Alleged tensions between Thein Sein and Min Aung Hlaing over the Kachin issue have not, however, prevented the President’s Office from dutifully spreading misinformation about the conflict.
“The aircraft being used are K8 training aircraft not fighter jets—that is the information I got from the military,” said Zaw Htay, a former army officer who is now the director of the President’s Office. “I have no information on the use of helicopters. There is a very difficult situation in Kachin state.”
But video footage of the fighting clearly shows that jet fighters and helicopter gunships took part in the attack. The rebels and reporters on the ground have a better sense of what’s going on in the battlefield and continue to relay the facts.
Realizing that their attempts at propaganda were failing, the military has since acknowledged launching airstrikes against the Kachin rebels, but tried to make it sound as if its actions were merely defensive, aimed at capturing a hilltop post from which the insurgents had attacked government supply convoys.
The attack and the ongoing conflict in Kachin State again raises questions about America’s invitation to Burma to observe annual Cobra Gold exercise in the region next year and the Pentagon’s commitment to provide “non-lethal” training for Burmese officers focusing on humanitarian assistance, military medicine and defense “reform.” The decision to resume military-to-military engagement at this stage is not a wise one.
Some have suggested that the Kachin have been too inflexible in their demands. In fact, the KIA was pragmatic enough to reach a ceasefire agreement with the Burmese government army in 1994, leaving an ethnic umbrella organization based along the Thai-Burmese border in disarray. Nearly two decades later, it is paying a heavy price for that pragmatism.

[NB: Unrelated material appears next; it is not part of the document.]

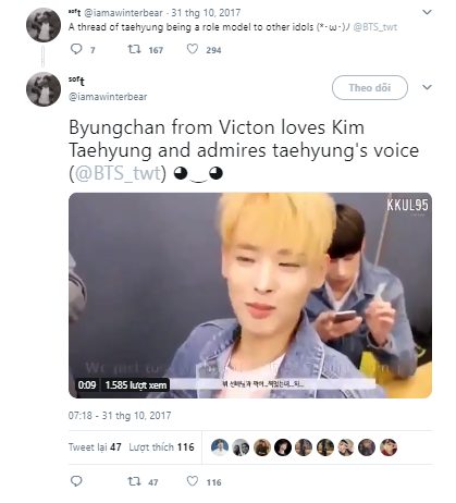 Byung Chan đã thể hiện tình yêu dành cho V trong một video mà anh chàng cho biếtđề cập rằng VICTON đã chụp ảnh với BTS. Anh chàng không thể ngưng nói về V, Byung Chan còn chia sẻ rằng giọng của V rất tuyệt và thâm chí còn thú thật rằng mình “yêu” V!

In June 2011, the 17-year-old truce between the KIA and the Burmese government army collapsed because the former ruling junta had insisted the year before that ethnic ceasefire armies turn themselves into border guard forces under Burmese military command. Almost none acceded, but most managed to avoid the KIA’s fate of a return to open hostilities.
Another issue that has fueled this conflict is Burma’s 2008 Constitution, which was drafted by the military and was never designed to satisfy the aspirations of the country’s ethnic minorities. Like most other ethnic armed groups in Burma, the KIA says it wants a federal system that will give minorities—who together comprise around a third of the total population—greater autonomy over the resources of their respective homelands.
Indeed, the war in Kachin State is not just about politics. The state is rich in jade and other natural resources, and during the truce period, the Burmese army encroached on many areas once controlled by the KIA, bringing in tycoons from mainland Burma and China to remove the jade and other precious stones. Some Kachin leaders and businessmen who collaborated with the Burmese and Chinese didn’t mind, but locals looking at the looting of their natural resources were upset. This is why the Kachin army wanted to regain control over the territory.
As war intensified between the two armed groups, local residents were the ones who suffered most. Tens of thousands of refugees have fled the fighting and many have little access to humanitarian assistance. Before Christmas, US Ambassador Derek Mitchell visited the area and met with local leaders in a bid to improve aid efforts for the displaced refugees, as the fighting continued to escalate. But his visit to meet some refugees not far from the state capital Myitkyina made little impact. The war continued.
Both Kachin soldiers and civilians say they want to see peace but continue to support the KIA. To them, this war was inevitable, and can only end through political dialogue, which must include an open and serious discussion about federalism, ethnic autonomy and the preservation of resources, culture, identity and languages. As much as they they have suffered from this war, they say they hate Naypyidaw’s imperialism even more.